I wouldn’t say that performance issue. I’m just looking for performance improvements.
On the local machine, I’m able to store around 2,5 k records per second, where each record contains around 15 objects with temperature field in json.
The problem with COPY is that, it replaces whole record. So for example if I have partial update (update part of json), the upsert will just replace this part of json and don’t touch the rest of json. The replace, what is naturally, is gonna replace whole record.
Hi, two things can be not scalable if you need higher throughput:
“the upsert will just replace this part of json” has to write the whole JSON again, in YugabyteDB like in PostgreSQL, so it is less efficient than having one row per readout
if you receive multiple rows to update, it is better to do all in one statement (using a WITH clause for example) than row-by row.
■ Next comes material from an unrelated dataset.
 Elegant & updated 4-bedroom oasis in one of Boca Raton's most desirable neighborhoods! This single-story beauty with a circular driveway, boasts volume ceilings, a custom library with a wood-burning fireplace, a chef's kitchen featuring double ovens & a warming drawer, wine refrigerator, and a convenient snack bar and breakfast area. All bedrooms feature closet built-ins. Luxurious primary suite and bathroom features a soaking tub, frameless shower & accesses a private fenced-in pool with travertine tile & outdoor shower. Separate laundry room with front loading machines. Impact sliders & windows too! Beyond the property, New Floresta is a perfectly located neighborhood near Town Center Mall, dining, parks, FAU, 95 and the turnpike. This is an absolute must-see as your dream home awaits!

Because row-by-row alternates reads and writes, and YugabyteDB must flush to the raft consensus (involving network latency) between them.
Thanks for these points.
In terms of having one row per readout. This was my previous model. To have denormalized table, where one row is one redout.
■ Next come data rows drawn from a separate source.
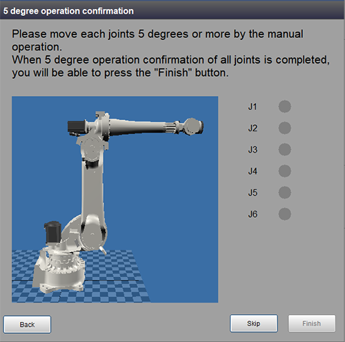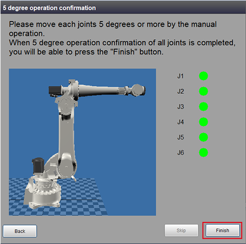 When the operation confirmation of all joints is completed, the [Finish] button will be enabled in the window.
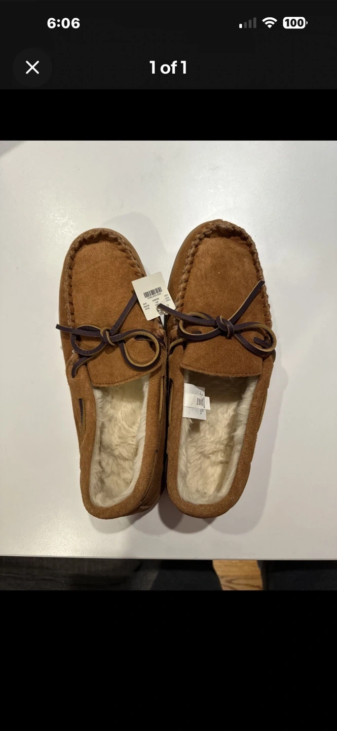 Cozy up with these UGG moccasin slippers! They feature a classic design with a suede exterior and a plush, warm lining. Perfect for keeping your feet comfortable around the house
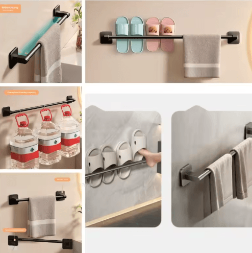 Wall Mounted Towel Rack With No Drill Installation black 40cm
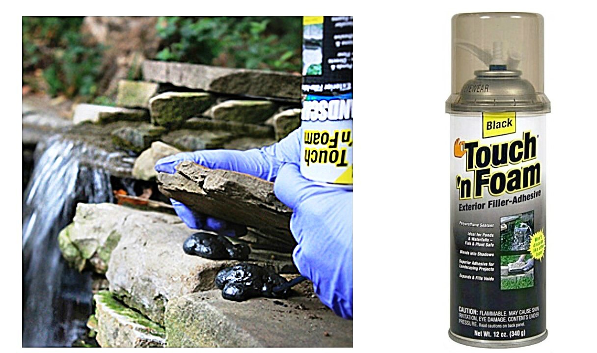 It bonds quickly to porous or non-porous rock, stone, cement, wood and cloth and is ideal for replacing loose mortar in rock walls. Touch 'n Foam Landscape can also be used to direct water flow in pond or waterfall applications and it's safe for use around fish or plants.
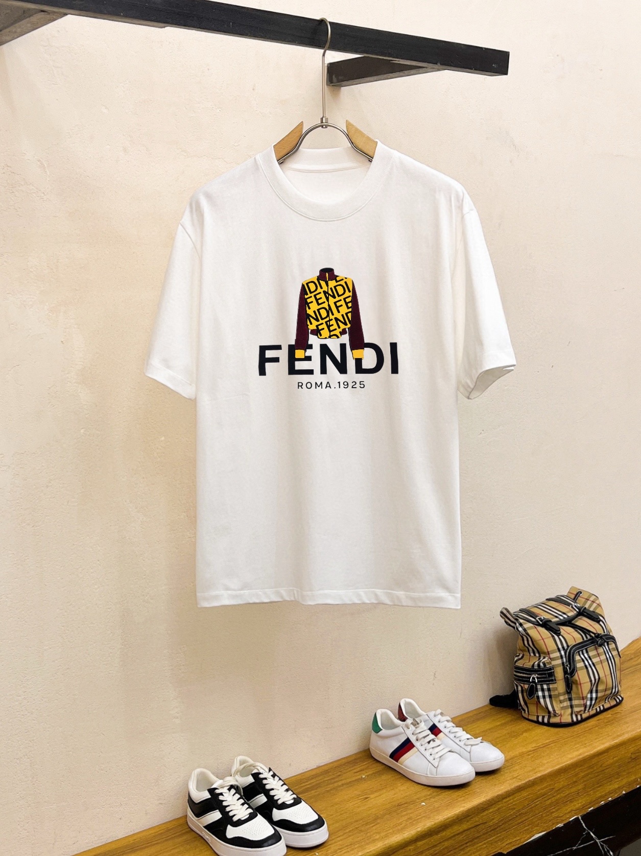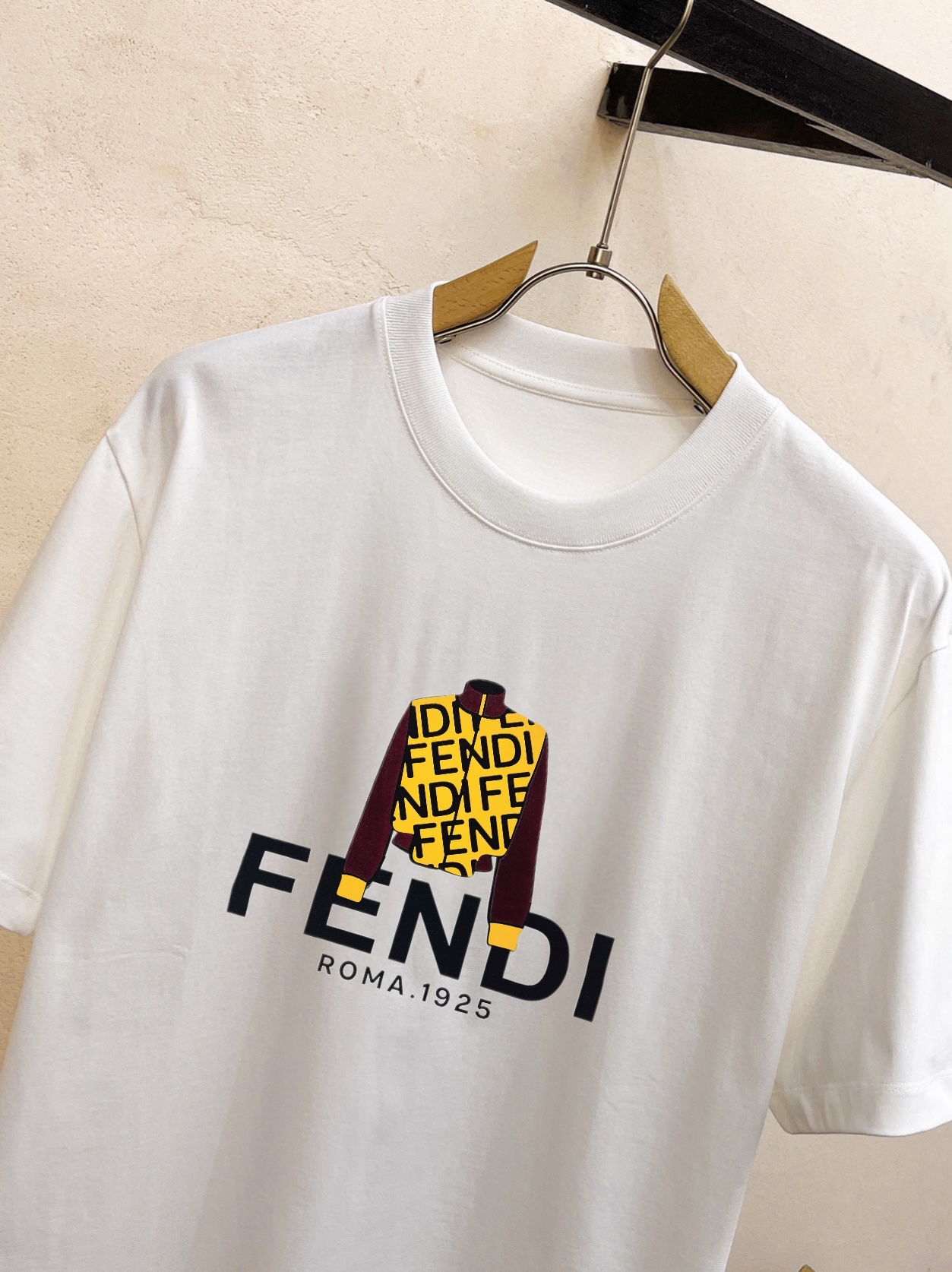 这款衣服是AAAAA 1:1 质量 (非常棒). 使用了和原版一模一样的材料. 商标部分也保持了和芬迪/Fendi一样. 图片拍摄是实物衣服拍摄, 您所收到的实物保证和我们图片一模一样.
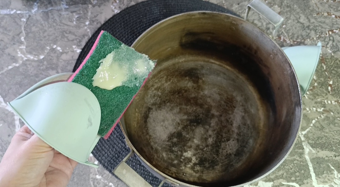 - Крупная соль: Насыпьте соль в кастрюлю, добавьте немного воды для образования пасты, оставьте на час или два и затем аккуратно потрите нагар.

CREATE TABLE yuga_readouts
(
country_id INT NOT NULL,
province_id INT NOT NULL,
sensor_id BIGINT NOT NULL,
readout_group INT NOT NULL,
readout_id INT NOT NULL,
readout_value NUMERIC(19, 2),
date_of_capturing DATE,
CONSTRAINT pk PRIMARY KEY (country_id ASC, province_id ASC, sensor_id ASC, readout_group ASC, readout_id ASC, date_of_capturing ASC)
);
However, this db has to store 500kk redouts daily.
Each sensor produces from 2 to 100 different readouts daily. In this case, big portion of data would be duplicated for each readout (country_id,province_id, device_id, date_of_capturing). And the user usually takes all the readouts for the given sensor.
So I decided to experiment with document style model. The pros are: smaller index, less duplication of data, less storage used. And still I shouldn’t hit 32kb limit.
What is your opinion about such an approach ?
big portion of data would be duplicated I think we have good key prefix compression
the user usually takes all the readouts for the given sensor they will still be stored together
We don’t store in heap tables like PostgreSQL but in the primary key index, that’s why they are stored together and can benefit from key prefix compression, as long as readout_id is at the end of the key. When new readouts are inserted to an existing readout group, it will be physically in another place (LSM Tree flushes to SST files) but at some point compaction will happen and put them together so reading all readouts for one sensor will be together
It would be great to test both but I think one row per readout can be ok, and better if data ingest must be improved. The document model may be better for queries, but only slightly
Agree with @FranckPachot 's assessment that if you aren’t wholesale writing the JSONB in one shot and doing a lot of read-modify-write to append into an existing JSONB, the approach of exploding the data across more rows (that are still clustered near each other on disk) is a better way to go.
Also, one more observation. I think instead of this:
So that all readouts for a particular sensor_id are stored sorted by date order first (and then within that you have all the info for various readout_ids for that date) because usually, for a given sensor, you are interested in all the readout_ids for a particular date or range of dates. On the other hand, if you are commonly interested in data only for 1 specific readout_id at a time across a date range, then the 1st way is fine.